The trickier part would actually be finding out what's on a page. This is the odd thing in AI - what's easy and hard for humans is usually reversed for computers. As a simple example, it's usually hard to be a doctor, however, it's easy to just...well, communicate. We do the latter every day with ease, the former, we need 5 years (at least) of specialised schooling to do. For an computer, parsing out communication is hard, but giving out a diagnose is relatively easy, especially in comparison.
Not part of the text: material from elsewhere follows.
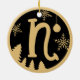 Temido no Natal, letra de monograma N, em ouro sobre fundo preto. O preto e o ouro podem ser modificados clicando no link 'personalizar mais'. Letra branca N com floco de neve e pinheiros.

The doctor one falls under what's called "expert systems" - it is mostly what it sounds like - a system that deals with expert knowledge for a given domain: this could be medical diagnosis, technical troubleshooting, mechanical fault analysis and so on. They are generally quite good at quite specialised tasks that are not as easy for humans. But try to get an AI to understand language, or other things we do every day, and the thing turns out really friggin' hard

As always, xkcd is spot on



There is also the alt-text:
In the 60s, Marvin Minsky assigned a couple of undergrads to spend the summer programming a computer to use a camera to identify objects in a scene. He figured they'd have the problem solved by the end of the summer. Half a century later, we're still working on it.
 

shrekfan246

Not actually a Japanese pop star
May 26, 2011
6,374
0
0
DoPo said:
Well, I mostly meant that I'm skeptical of a computer's capability to pull absolute truth from something like the internet when all of the "facts" it's going to be pulling are influenced by human nature and bias in the first place.
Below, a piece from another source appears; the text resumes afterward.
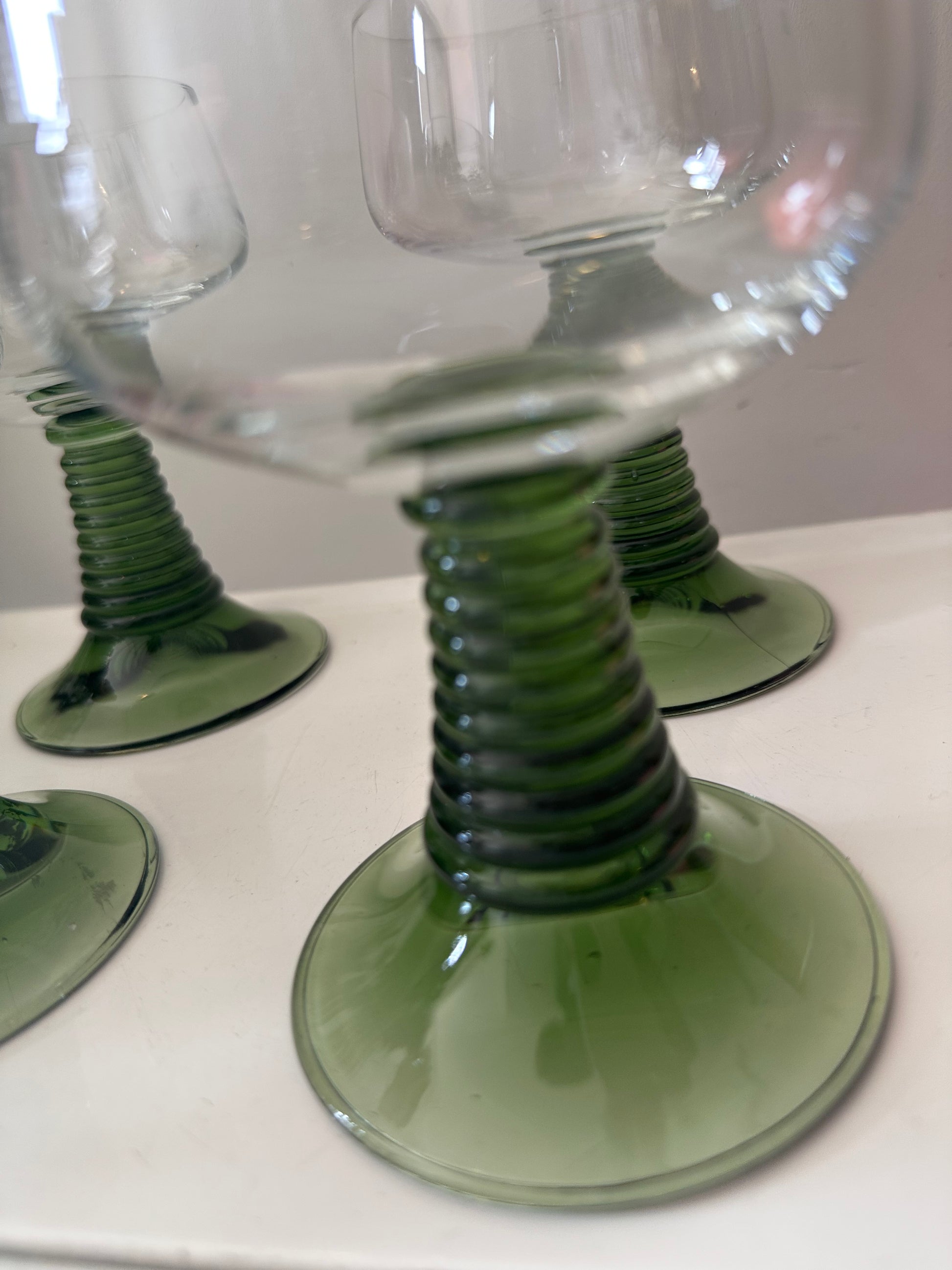 Toffe set Roemer glazen met die herkenbare groene voet en gedraaide steel — helemaal jaren 70. Lekker stevig glas, ideaal voor wijn of een ander drankje. In mooie vintage staat, klaar voor gebruik. Inhoud 0,2 ltr. Afmetingen hoog ca 13 cm breed ca 8 cm.

But hey, I'm not a programmer, so I don't know how hard it would be or how accurate they'll be able to make it.
 

DoPo

"You're not cleared for that."
Jan 30, 2012
8,665
0
0
shrekfan246 said:
DoPo said:
Well, I mostly meant that I'm skeptical of a computer's capability to pull absolute truth from something like the internet when all of the "facts" it's going to be pulling are influenced by human nature and bias in the first place.
That's why usually domain experts assist in expert systems. And "domain expert" is just a fancy word for "somebody who knows what they are talking about" - doctors would help out with a diagnosing system, mechanics would help out with a system that checks cars, etc. Similarly, I assume this is what Google would do.

Google could, I assume, run a task that would crawl the web and try to find out possible answers for topics and try to classify them according to likelyhood. It's not even that hard...well, more or less - it would involve something like finding resources for a topic and then analysing them (when you have enough) and synthesizing the resources into general facts. Well, if you're able to parse out meaning from the text, that is, you'd be able to read two articles on "boiling water" and find that they both mention "100 degrees Celsius". Or you could find that one say that, and the other says "212 degrees Fahrenheit" but as soon as you have that, you can convert them to a common base and know what is the boiling point. You can then ask a physicist over to look at that result and say if it's correct or not and make amendments if needed.

Later on, if a Google crawler comes across something new and identifies it's about "boiling water" but mentions "55 degrees", it should be able to tell that's not a correct number.

Still, I am pretty sure a lot of scientific facts (like boiling water) would actually be readily available, so they don't need to derive them.